How do you write ${\left( {\dfrac{1}{4}} \right)^{ - 6}} = 4096$ in logarithmic form?

Answer 1

Hint : In order to determine the value of the above question in logarithmic form ,use the definition of logarithm that the logarithm of the form ${\log _b}x = y$ is when converted into exponential form is equivalent to ${b^y} = x$ ,so compare with this form and form your answer accordingly.

Complete step-by-step answer :
We are given ${\left( {\dfrac{1}{4}} \right)^{ - 6}} = 4096$
Removing negative sign of exponent by taking the reciprocal and writing $4 = {2^2}$
${\left( {{2^2}} \right)^6} = 4096 \\\ {\left( 2 \right)^{12}} = 4096 \;$
To convert the above into logarithmic form, we must know the properties of logarithms and with the help of them we are going to rewrite our question.
Any logarithmic form ${\log _b}x = y$ when converted into equivalent exponential form results in ${b^y} = x$
So in Our question we are given ${\left( 2 \right)^{12}} = 4096$ and if compare this with ${\log _b}x = y$ we get
$b = 2 \\\ y = 12 \\\ x = 4096 \;$
Hence the logarithmic form of ${\left( 2 \right)^{12}} = 4096$ will be equivalent to ${\log _2}4096 = 12$ .
Therefore, our required answer is ${\log _2}4096 = 12$ .
So, the correct answer is “ ${\log _2}4096 = 12$ ”.
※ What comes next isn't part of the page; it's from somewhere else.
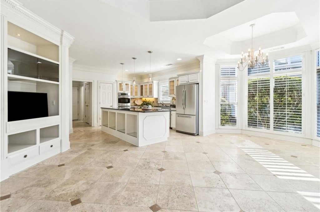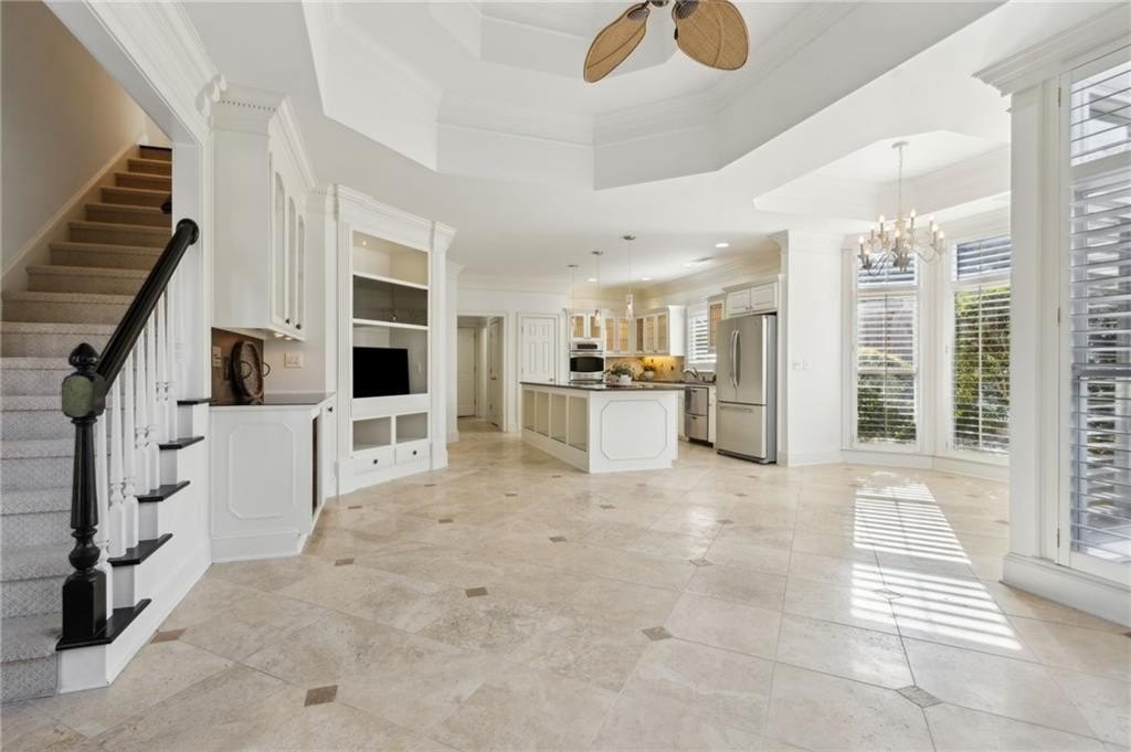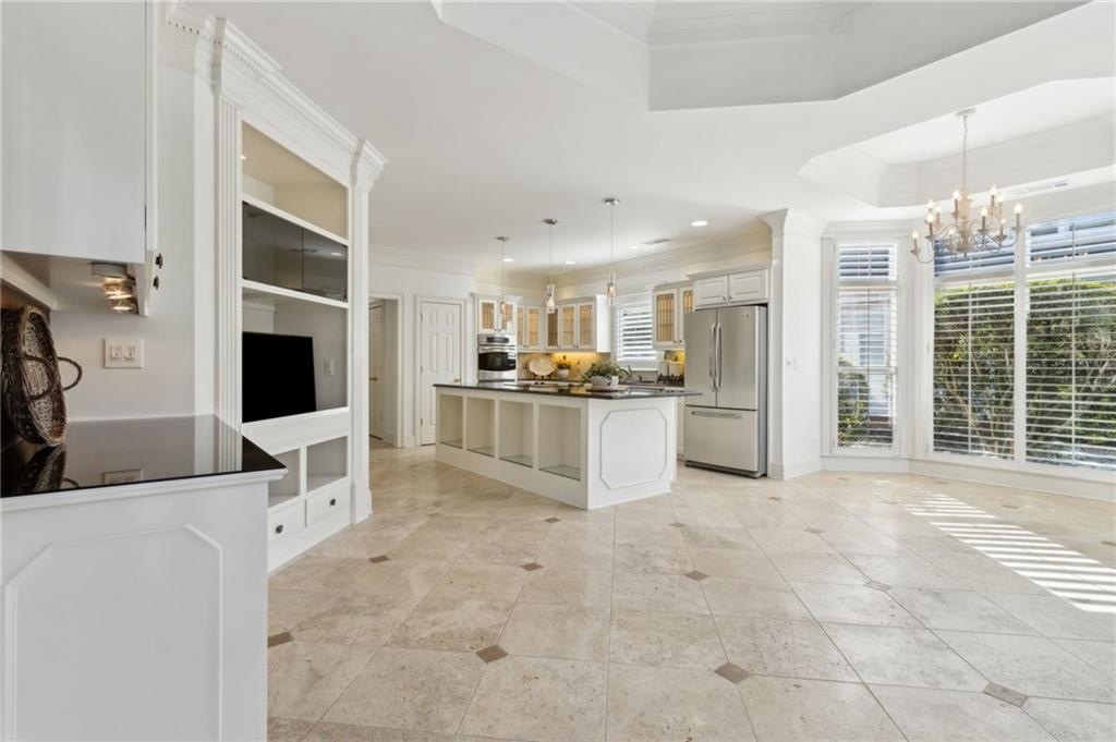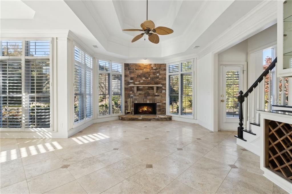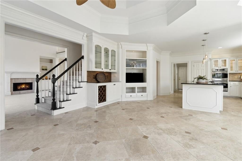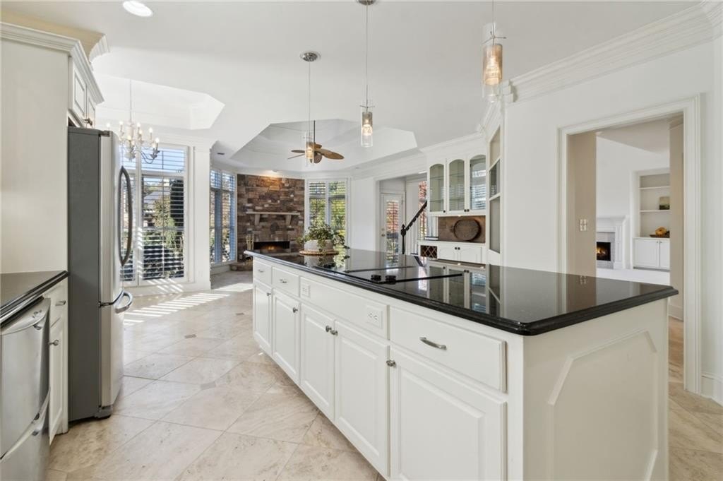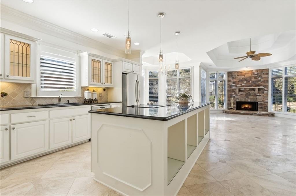 Welcome to your dream home nestled in the breathtaking community of Ammersee Lakes on the Chattahoochee River, where luxury meets nature. This lakeside residence is not just a place to live; it's a lifestyle enriched by serene surroundings and an ever-changing canvas of natural beauty. Ideally located on a tranquil cove with enchanting views of both narrow and open water, this home is one of a few in this community that boasts a waterside deck and a rear patio. These outdoor spaces inspire you to entertain with friends or unwind and soak in the seasonal beauty. Step inside to a grand two-story foyer that sets the stage for the elegance and warmth that define this home. The spacious two-story living room, open to a formal dining room and crowned by a catwalk balcony, offers a breathtaking view through a wall of windows that frame the stunning landscape beyond. The owner's suite on the main level of the home is a true retreat. Enjoy direct access to the rear patio, where you can sip your morning coffee while experiencing the sound of a beautiful fountain, the perfect backdrop for relaxation and rejuvenation. With a high tray ceiling and a spa-like bath featuring a double vanity and two walk-in closets, this suite offers an oasis of comfort and luxury. The heart of the home is a large chef's kitchen featuring an island, a breakfast bar, abundant cabinetry, and a breakfast area with a picturesque view of open water with a fountain. An alluring keeping room with a stone fireplace and beautiful lake view completes this culinary haven, making it the perfect space for gathering with family and friends or a cozy evening by the fire. Upstairs, you will find three generously sized bedrooms, including one with its own private bathroom, and two sharing a Jack-and-Jill bath. An additional finished room over the garage provides endless possibilities- be it a home office, playroom, or man cave. At Ammersee Lakes, you will enjoy a vibrant community with pristine lakes, a cascading waterfall, charming gazebos, rustic stone and wooden bridges, and a scenic nature trail as beautiful as a city park. The community also offers a swimming pool, tennis and pickleball courts, and a Chattahoochee River overlook, along with lawn care services included, allowing you to spend more time enjoying your surroundings and less time on maintenance. Located in the heart of Johns Creek, this home offers unparalleled convenience with easy access to major malls, shopping venues, entertainment hotspots, and restaurants. Additionally, you will find prestigious golf clubs such as the Atlanta Athletic Club, St. Ives Country Club, and the Country Club of the South nearby, along with top rated schools, making it an ideal setting for families. Experience the perfect blend of elegance, comfort, and nature in this stately home at Ammersee Lakes. Whether you're seeking a peaceful retreat or a vibrant community lifestyle, this property offers it all. Don't miss the opportunity to make this beautiful residence your home! Contact us today for a private showing and discover the lifestyle that awaits you. STUCCO BOND with S.I.R, Inc. TERMITE BOND with Arrow Exterminating.

Note : 1. Value of the constant” e” is equal to 2.71828.
2. A logarithm is basically the reverse of a power or we can say when we calculate a logarithm of any number , we actually undo an exponentiation.
3.Any multiplication inside the logarithm can be transformed into addition of two separate logarithm values .
${\log _b}(mn) = {\log _b}(m) + {\log _b}(n)$
4. Any division inside the logarithm can be transformed into subtraction of two separate logarithm values .
${\log _b}(\dfrac{m}{n}) = {\log _b}(m) - {\log _b}(n)$
5. Any exponent value on anything inside the logarithm can be transformed and moved out of the logarithm as a multiplier and vice versa.
$n\log m = \log {m^n}$